Позже Розанов напишет в тех же словах и интонациях и о пляске Айседоры Дункан, ориентированной на природоцентричное искусство: „Вот росло растеньице и выросло“. Росла и девушка, и тоже выросла. Рос и целый народец, как их мирты, как тамошние кипарисы, оливы. И рост этот, самое ощущение роста — было глубоко блаженно, физиологически благодатно»{132}.

Вместе с тем сиамский балет — это религиозный обряд, священный танец. Рост природы, созревание, вечное развитие, родовая бесконечность — это именно религиозные идеи восточных конфессий. Творчество, искусство для сиамцев тождественно посещению храма, храма природы. Их искусство — молитва Богу-Солнцу. И, наконец, оно и есть сама жизнь, жизнь в согласии с природой. «Бог всегда с нами» — вот не проговоренная мысль их танца. Вера, ставшая искусством и теснейшими корнями проросшая в самой жизни, — здесь есть чему позавидовать бедным европейцам, чья вера резко и жестоко противоречит всему строю жизни и чье искусство — блаженный сон о Востоке, о рае, который навсегда потерян, о шепчущихся звездах, которые бесконечно далеко от нас и от нашего Бога.
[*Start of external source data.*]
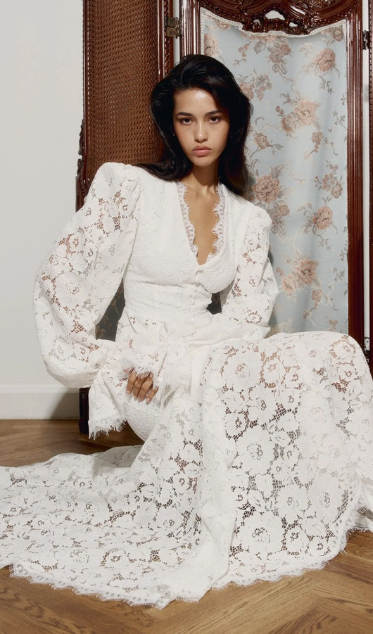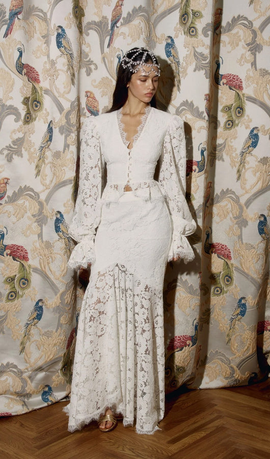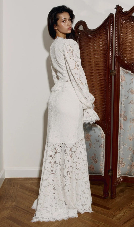 Lace Trimmed Puff Sleeved Top & Fishtail Skirt Set
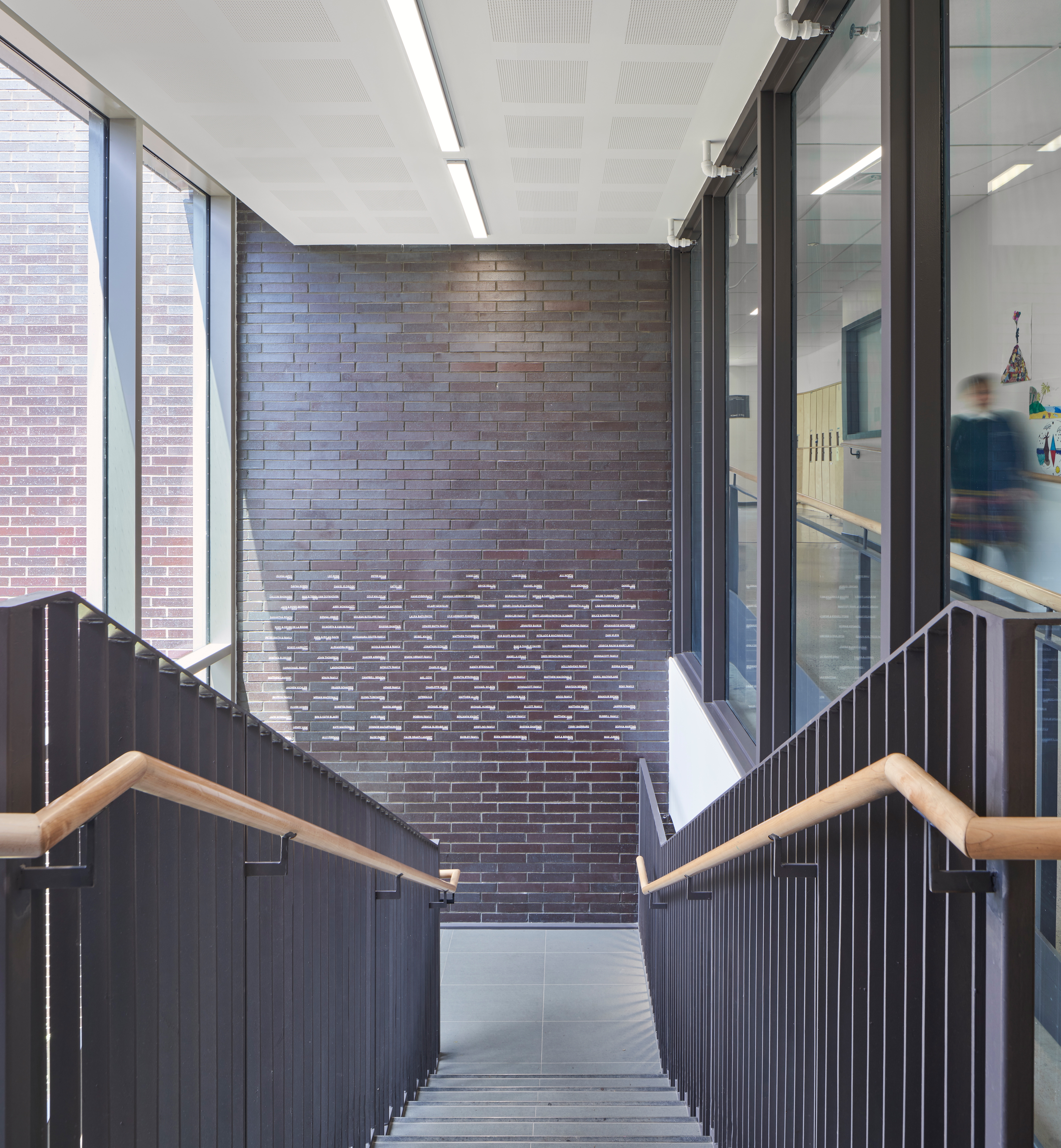 The addition features glazed galleries along the field edge, large windows in all new classrooms, and a new curtain wall in the atrium that frames the main stair and looks out onto a new learning garden.
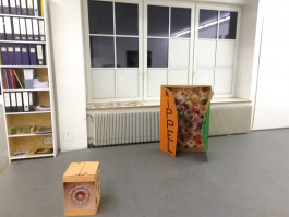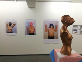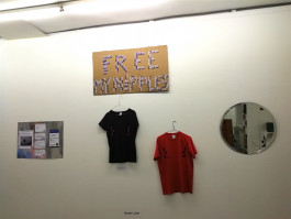 2 Videos, Informationen zum juristischen Kontext und die Möglichkeit, vor Ort Fotos der eigenen Brustwarzen zum Projekt hinzuzufügen, ergänzen die Ausstellung.
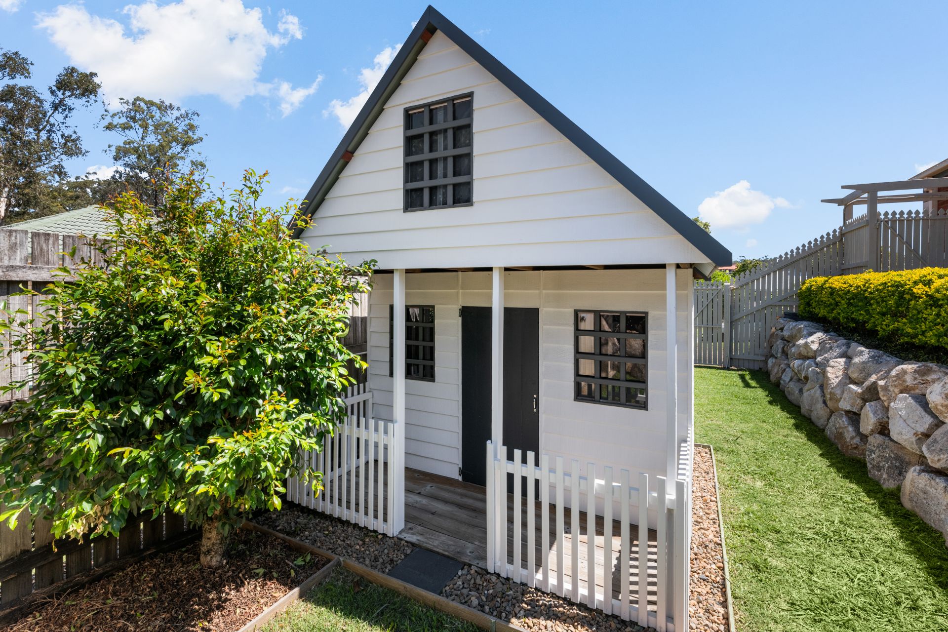 - Low maintenance landscaped yard with dream cubby house
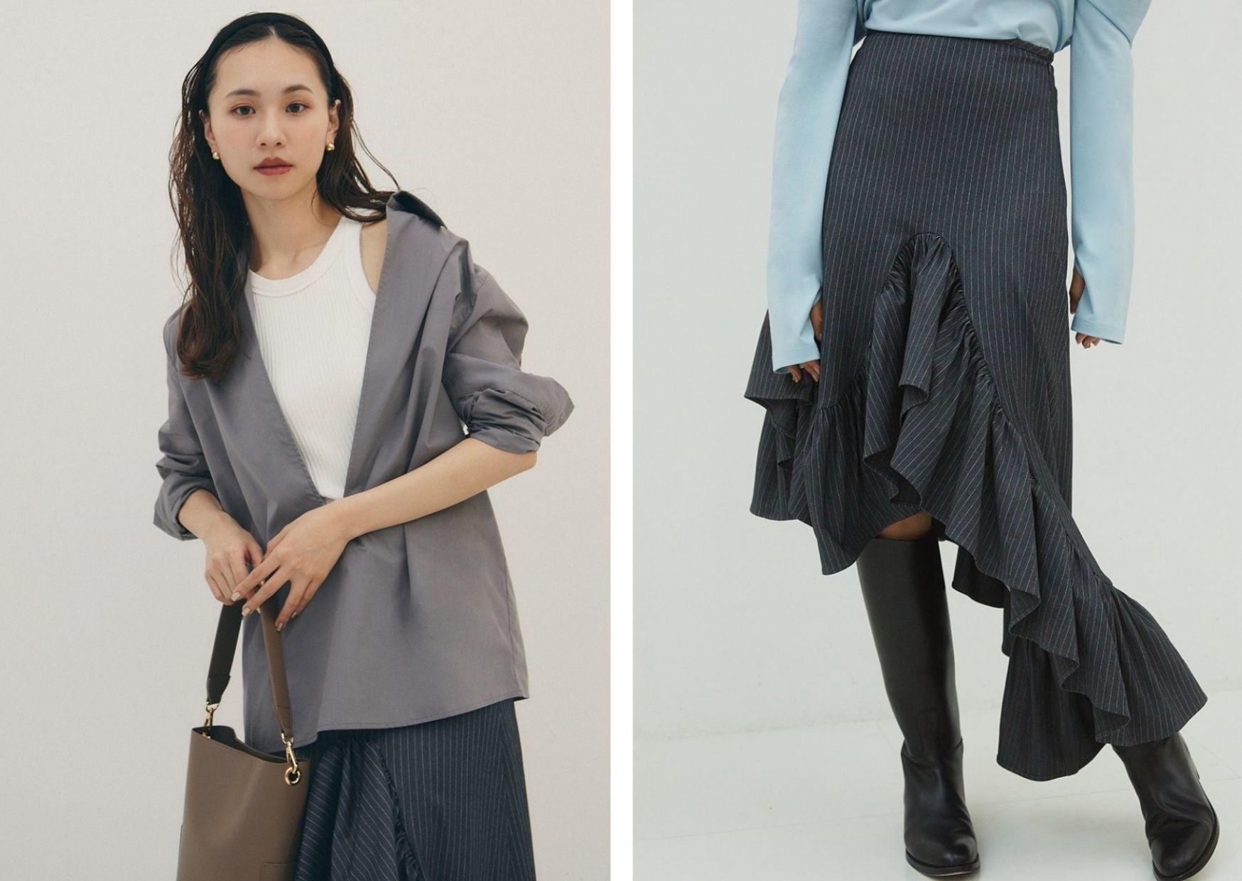 写真右▼Asymmetry long skirt (stripe/black) ¥11,000(税込)

Мысли о духе Востока, выраженном в искусстве танца[12], — пусть даже весьма отвлеченные — часты в розановской публицистике{133}. Та глубокая разница между античной и восточной пластикой, которую замечает Розанов («Статуи их [древних греков. — П.Р.] всегда в позе, но никогда или очень редко — в движении. Вообще пения тела, музыки тела они не передавали и может быть не заметили» {134}) — не есть ли та самая разница между классическим балетом и современной хореографией, что сегодня так явственно и остро ощущается знатоками балета, та самая разница, которая привела к кризису и стагнации классического танца и развитию «движенческого» жанра, контактной импровизации, в основе которой лежат все те же природные инстинкты. В этой связи можно смело причислить Василия Розанова к первым пропагандистам нового стиля «современной хореографии». Розанов не просто поддерживает жанр, но и формулирует его основные эстетические положения.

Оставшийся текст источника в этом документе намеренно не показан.